A invasão dos cristãos ao Serapeu marca, a nosso ver, o ápice do filme e pode ser concebido como um divisor de águas, já que, sob a óptica de Amenábar, intensifica a influência política das comunidades cristãs em Alexandria, sobretudo a partir da ordenação ao episcopado de Alexandria do bispo Cirilo (412).

Para imprimir um tom mais dinâmico à narrativa fílmica, Amenábar procede a uma costura da ordem dos acontecimentos, em clara subversão de suas especificidades espaço-temporal, fazendo uso de uma espécie de licença artística, uma vez que, ele nos faz crer que a invasão/ocupação do Serapeu pelos cristãos, a morte de Teófilo, a ascensão de Cirilo e o assassinato de Hipátia ocorrem em alguns anos (e não em décadas), percepção que se confirma quando percebemos que não houve a passagem do tempo para os personagens entre a invasão do Serapeu e a morte de Hipátia. Em Ágora, Hipátia morre jovem, como se estivesse entre 25 e 30 anos, como narra o romancista Kingsley.

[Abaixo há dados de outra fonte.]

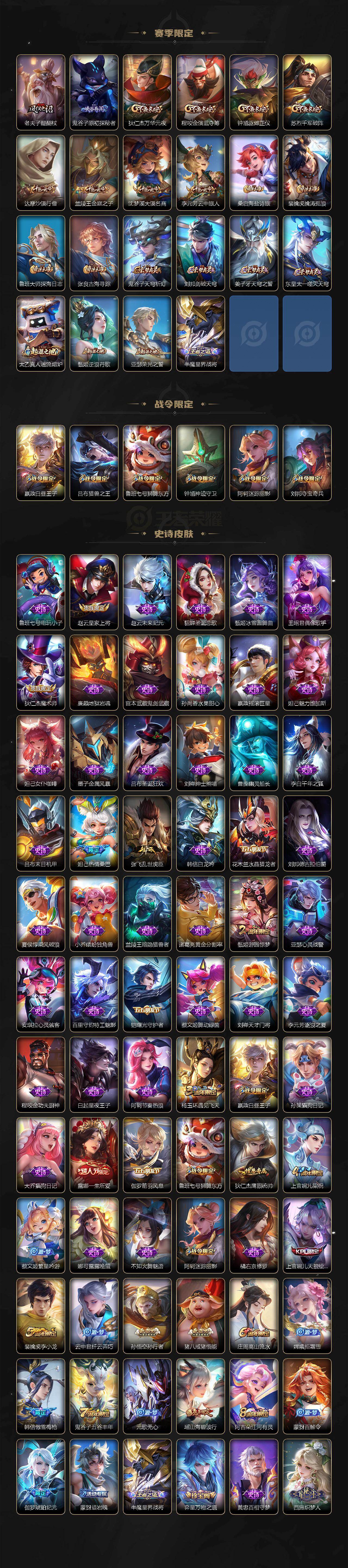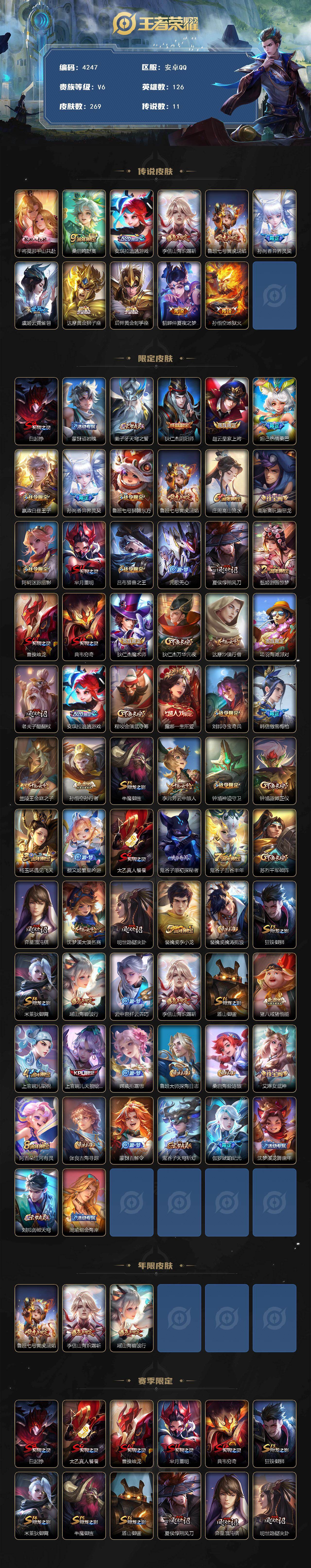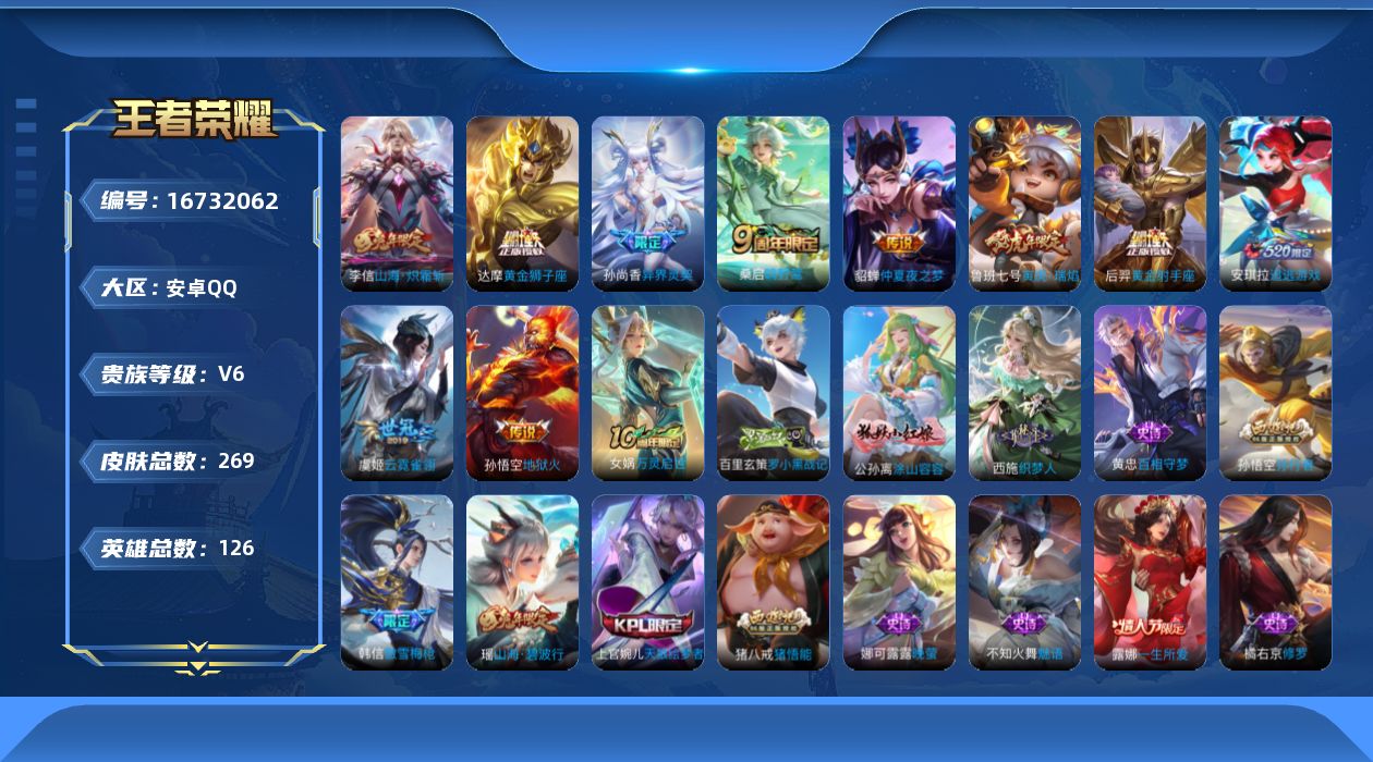 [16732062]安卓q-v6-最强王者段位-126英雄-269皮肤-11传说-75史诗 【传说皮肤】:干将莫邪千山共赴,桑启鸣野蒿,安琪拉追逃游戏,李信山海炽霜斩,鲁班七号寅虎瑞焰,孙尚香异界灵契,虞姬云霓雀翎,达摩黄金狮子座,后羿黄金射手座,貂蝉仲夏夜之梦,孙悟空地狱火 【限定皮肤】:白起狰,蒙犽顽岩魄,姜子牙天穹之誓,狄仁杰阴阳师,赵云皇家上将,妲己热情桑巴,嬴政白昼王子,孙尚香异界灵契,鲁班七号狮舞东方,鲁班七号寅虎瑞焰,庄周高山流水,高渐离玩趣恶龙,阿轲迷踪丽影,芈月重明,吕布猎兽之王,元歌无心,夏侯惇朔风刀,甄姬游园惊梦,曹操烛龙,典韦穷奇,狄仁杰魔术师,狄仁杰万华元夜,达摩沙漠行僧,项羽海滩派对,老夫子醍醐杖,安琪拉追逃游戏,程咬金演武夺筹,露娜一生所爱,刘邦夺宝奇兵,韩信傲雪梅呛,兰陵王金庭之子,孙悟空孙行者,牛魔御旌,李元芳云中旅人,钟馗神迹守卫,钟馗驱傩正仪,杨玉环遇见飞天,蔡文姬繁星吟游,太乙真人饕餮,鬼谷子原初探秘者,鬼谷子五谷丰年,苏烈千军破阵,弈星混沌棋,沈梦溪大漠名商,明世隐疑决卦,裴擒虎李小龙,裴擒虎擒涛扼浪,狂铁御狮,米莱狄御霄,瑶山海碧波行,云中君纤云弄巧,李信山海炽霜斩,盾山御銮,猪八戒猪悟能,上官婉儿梁祝,上官婉儿天狼绘梦者,嫦娥拒霜思,鲁班大师探海日志,桑启海盐诗旅,艾琳女武神,阿古朵江河有灵,张良古海寻踪,蒙犽百解令,鬼谷子天穹祈灯,伽罗琥珀纪元,沈梦溪龙舞盛年,刘邦剑破天穹,周瑜熔金海岸 【年限皮肤】:鲁班七号寅虎瑞焰,李信山海炽霜斩,瑶山海碧波行 【赛季限定】:白起狰,太乙真人饕餮,曹操烛龙,芈月重明,典韦穷奇,狂铁御狮,米莱狄御霄,牛魔御旌,盾山御銮,夏侯惇朔风刀,弈星混沌棋,明世隐疑决卦,老夫子醍醐杖,鬼谷子原初探秘者,狄仁杰万华元夜,程咬金演武夺筹,钟馗驱傩正仪,苏烈千军破阵,达摩沙漠行僧,兰陵王金庭之子,沈梦溪大漠名商,李元芳云中旅人,桑启海盐诗旅,裴擒虎擒涛扼浪,鲁班大师探海日志,张良古海寻踪,鬼谷子天穹祈灯,刘邦剑破天穹,姜子牙天穹之誓,东皇太一噬灭天穹,太乙真人谧流熔炉,甄姬逆浪荇歌,亚瑟荣光之誓,牛魔星界战将 【战令限定】:嬴政白昼王子,吕布猎兽之王,鲁班七号狮舞东方,钟馗神迹守卫,阿轲迷踪丽影,刘邦夺宝奇兵 【史诗皮肤】:鲁班七号电玩小子,赵云皇家上将,赵云未来纪元,貂蝉圣诞恋歌,甄姬冰雪圆舞曲,王昭君偶像歌手,狄仁

A historiografia, ao contrário, informa-nos que, entre a invasão/ocupação do Serapeu (391) pelos cristãos, a morte de Teófilo (412), a ascensão de Cirilo (412), a morte de Sinésio (ca. 413) e a expulsão dos judeus de Alexandria bem como o assassinato de Hipátia (415), decorre, ao menos, duas décadas. Percebamos que Sinésio já estava morto, no momento em que Hipátia foi assassinada, na contramão do que propõe Amenábar». In José P. Farias Júnior, Hipátia de Alexandria, História e Cinema, RFB Editora, 2022, ISBN 978-655-889-249-6.